The opposing team (the guessing team) must carefully observe the movements and facial expressions of the opposing players and guess which hand the "gol" is hidden in.

The guessing team can declare hands that they believe are "pooch" (empty) as "pooch" (i.e., they eliminate them from consideration). Typically, in each round, the guessing team can declare up to three "pooch" hands.

===Modern versions with cards===

Nowadays, commercial and modern versions of "Gol ya Pooch" have become more complex and exciting with the addition of tactical cards and new rules. These cards have special abilities that can change the flow of the game, such as:

Duel card: The player holding the "gol" reveals it and enters a one-on-one competition with an opposing player.

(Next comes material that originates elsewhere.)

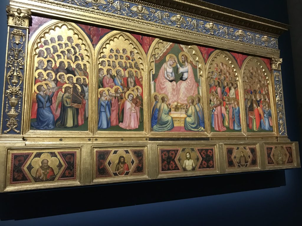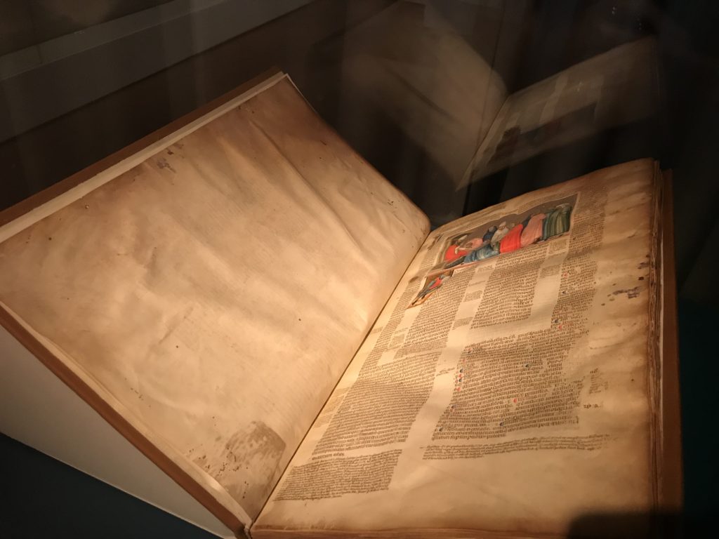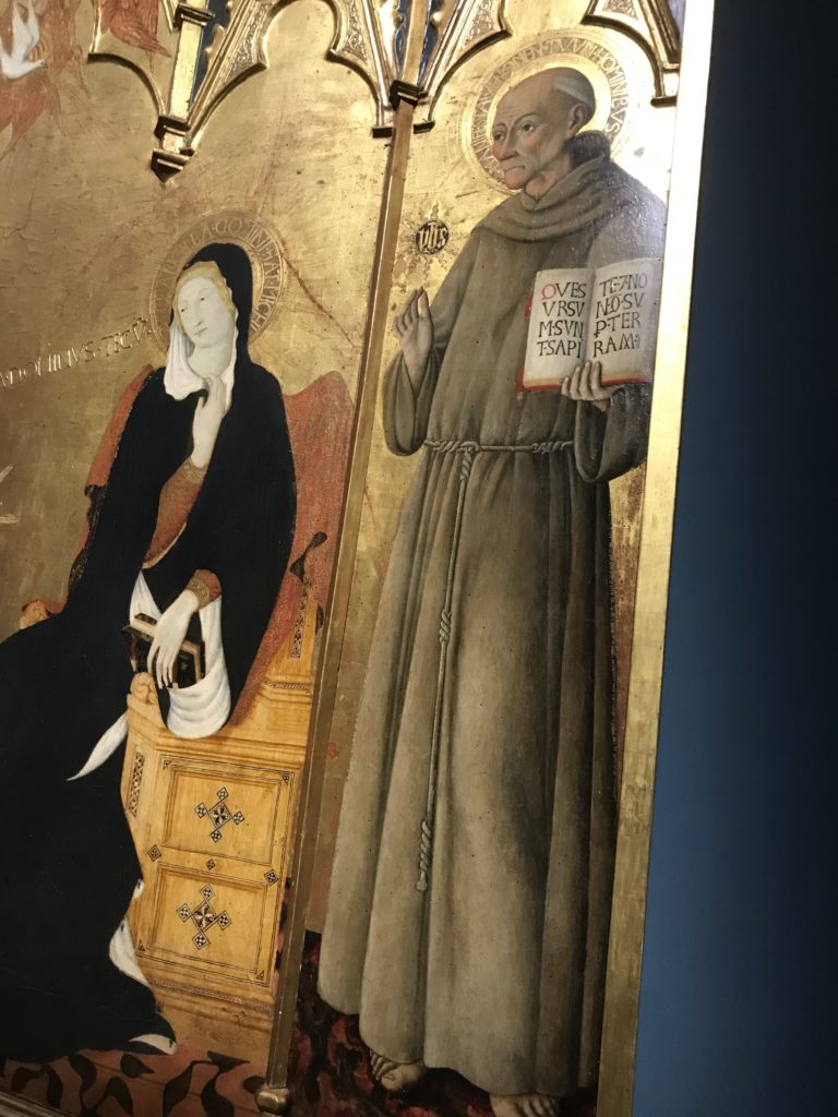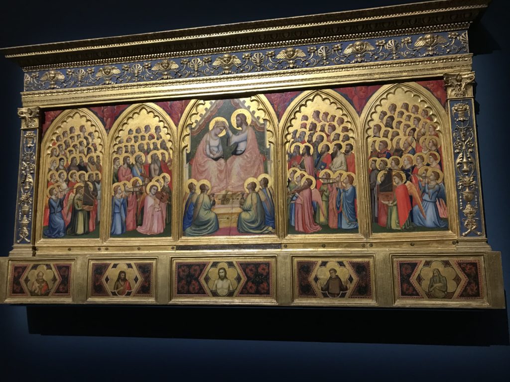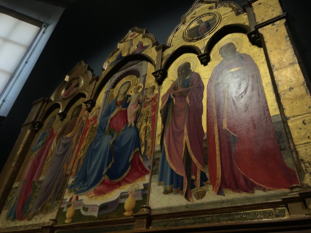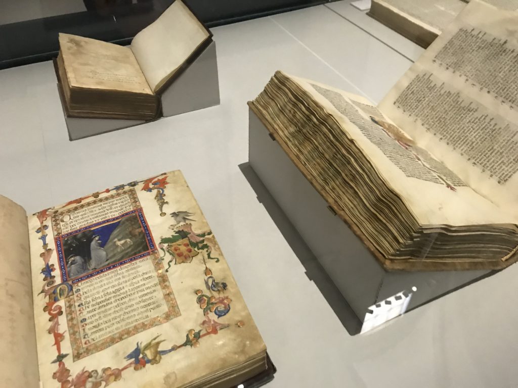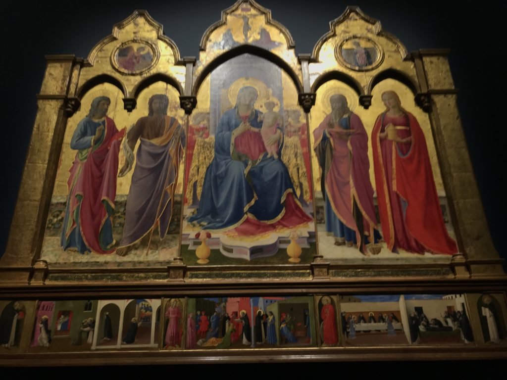 Forlì, tra il 1302 e 1313, è frequentata da Dante Alighieri, esule politico poiché ghibellino. La grande mostra multimediale sulla “Commedia”, e con rari pezzi provenienti da tutto il mondo, vuole rendere omaggio alla città romagnola. La figura di Dante è centrale, appunto, nella mostra “Dante, la visione dell’arte”, per le contaminazioni culturali in un arco temporale che va dal Duecento al Novecento. Le visioni figurative e a tratti oniriche di Cimabue, Giotto, Beato Angelico, Michelangelo, Tintoretto, Canova, Andrea del Castagno e molti altri sono state allestite, tutte, intorno al Sommo Poeta; e poi i preraffaeliti con Dante Gabriele Rossetti, i macchiaioli, i simbolisti e il Novecento di Galileo Chini, Plinio Nomellini, Felice Casorati, Lucio Fontana, Pablo Picasso. Più che una mostra, “Dante. La visione dell’arte”, nel settimo centenario della sua morte, è un evento culturale, un’occasione unica tra dipinti, sculture, disegni, illustrazioni e manoscritti. Beato Angelico, Michelangelo, Tintoretto gli autori che non ci si aspetta di vedere con alcune particolari opere (escono di rado dai loro musei), e oltre i maestri del Novecento su cui spicca Previati con il dipinto simbolista “Paolo e Francesca” di grande suggestione. La narrazione della “Divina Commedia” è l’asse centrale dell’esposizione intorno alla quale le arti visive si sono inchinate e hanno reso visuale e comunicativo per secoli, appunto, il suo testo, Michelangelo per primo, come effetto a dir poco esaltante della grande pittura scenica senza censure (inizialmente) nel “Giudizio” della Cappella Sistina. La mostra si pone su un livello internazionale, assolutamente da visitare, ho detto ai ragazzi del liceo “D. Cotugno” – L’Aquila durante l’esame di Stato. I grandi musei del pianeta: dall’Hermitage di San Pietroburgo, alla Walker Art Gallery di Liverpool, dalla National Gallery di Sofia alla Staatliche Kunstsammlungen di Dresda, dal Museum of Art di Toledo ai Musée des Beaux-Art di Nancy, di Tours, di Anger hanno fornito le loro più importanti collezioni insieme a quelli italiani: Galleria Nazionale d’Arte Moderna e Contemporanea di Roma, la Galleria Borghese, i Musei Vaticani e la Biblioteca Apostolica Vaticana, la Biblioteca Medicea Laurenziana, il Museo di Capodimonte. La visita. E’ come entrare in una dimensione sospesa che non si aspetta, bisogna poi avere il “Filo di Arianna” per muoversi nel complesso percorso espositivo – come fosse una capsula fuori dal tempo e dallo spazio – dentro musica, pittura, le parole e i versi di Dante proiettati nel complesso dei musei – convento di San Domenico come una sorta di ” lancio mediatico” insieme ai libri rari, proiezioni multimediali, allestimenti scenici, e infine trascorrere nella mostra un tempo particolare nel fascino interdisciplinare dei linguaggi e delle arti – un caleidoscopio che si muove nella griglia dei percorsi espositivi, – come non mai si potrà vedere per molti e molti anni nella grande bellezza figurativa, visionaria degli artisti, di secoli e secoli di interpretazioni su Dante, intorno a Dante, fino ai giorni d’oggi. La mostra: un’esperienza subliminale con i manoscritti e le prime edizioni a stampa della “Commedia”, i codici miniati del XIV e XV secolo, la stagione rinascimentale, il Neoclassicismo e la cultura preromantica e romantica, il Genio insomma, catalizza, anche il Risorgimento, la Prima Guerra Mondiale, e infine nella grafica e le edizioni a stampa tra la fine del Settecento e il Novecento mentre, nella scuola, Dante è sempre attuale e centrale per la formazione degli studenti, e per quel quinto canto dell’Inferno – l’ingresso nel Secondo Cerchio, i lussuriosi- divenuto un simbolo per un frastornato Dante. Vede loro che volano “due che ‘nsieme vanno,/ e paiono sì al vento esser , leggieri”… ( e come si diceva la straordinaria la pittura di Previati dei due amanti…) . Ma chi sono? Si svelano, ecco, l’incontro. Paolo e Francesca. In quel luogo buio e tetro di violenza, di bufera incessante, dove riecheggiano i pianti e gli stenti, si sente “ muggire” il vento, e i flussi di corrente contrari, e questa tempesta infernale non si arresta mai, trascina gli spiriti con la sua violenza, in particolare quando arrivano davanti al bordo del baratro infernale: la bufera delle passioni in vita è ora presente in quel luogo infimo dei lussuriosi, viceversa, Dante, utilizza parole che evocano la vita : “colombe”, “dolce”, “amor” quasi a tentare di assolverli, i due amanti, sdoganarli, i due amanti, a favore del “troppo amato…”, ma condannati infine all’ eterno dolore. Una dicotomia. Dunque lei, Francesca, parla, Paolo l’amore indissolubile piange intorno a lei, Dante è turbato, ha pena per quella categoria di dannati e Francesca è il primo peccatore a dialogare con lui che, sopraffatto, sviene. Una ulteriore prova della partecipazione emotiva davanti alla forza morale di Francesca, del suo spirito e della custodia, è l’affidamento e la protezione che ha nei confronti di Paolo quasi fosse indifeso. Ecco, ancora, torna l’interpretazione di Previati simbolista, visionario, che dipinge una versione di Paolo Malatesta e Francesca da Polenta (Paolo e Francesca, 1909, olio su tela, cm 230 x 260 ) nel vortice di quel campo visivo di una bellezza cruda, “oltre i confini della cornice”, la luminosità vibrante, elegante, immateriale dalle pennellate ondulate, i due volti cupi e solcati dalla stanchezza, i corpi giovani ma segnati dal dolore che si avvinghiano e salgono, quasi una levitazione alla ricerca della luce e dell’ossigeno sopra di loro, e le mani che si uniscono, i lunghi capelli rossi di Francesca che si sollevano dal corpo nel quadro quasi attratti da una forza occulta ascendente, i due corpi illuminati da un fascio di luce e dai colori tonali caldi e freddi nelle varianti cromatiche dell’ocra, della biacca, dei pas

Antenna card: The guessing team can ask the opposing team a question, and the opponent must respond with a "yes" or "no."

Empty play vard: The opposing team must perform three more empty hand movements.

==Scoring==

If the guessing team correctly finds the "gol": The game proceeds in their favor, and it becomes their turn to hide the "gol."

If the guessing team finds the "gol" without any "pooch" declarations (on the first correct guess): They usually earn 2 points.

If the guessing team finds the "gol" after declaring some "pooch" hands: They take possession of the "gol," and it becomes their turn, but they receive no points (or fewer points).

If the guessing team fails to find the "gol" (all three guesses are "pooch"): One point is awarded to the team that hid the "gol," and they retain the turn to hide the "gol."

===Shah Gol (King Gol)===

In more modern versions of the game, when one team approaches winning (e.g., 8 out of 9 points), the "Shah Gol" phase begins. In this phase, specific rules apply to finding the "gol," and usually, if the guessing team correctly finds the "Shah Gol," they earn more points or points are deducted from the opposing team.

==Educational and developmental aspects==

Gol ya Pooch is not just an entertainment; it also helps in developing mental and social skills:

- Observation and awareness: Players must pay close attention to the movements and body language of their opponents.
- Concentration: Maintaining focus throughout the game is crucial for discerning the location of the "gol."
- Analysis and strategy: Players must try to analyze the opponent's behavior and employ the best strategy for hiding or finding the "gol."
- Interaction and teamwork: In team games, coordination and cooperation among team members are vital for success.

Due to its simplicity in terms of required tools and rules, this game can be played anywhere and with any number of players, which is why it has always been well-received.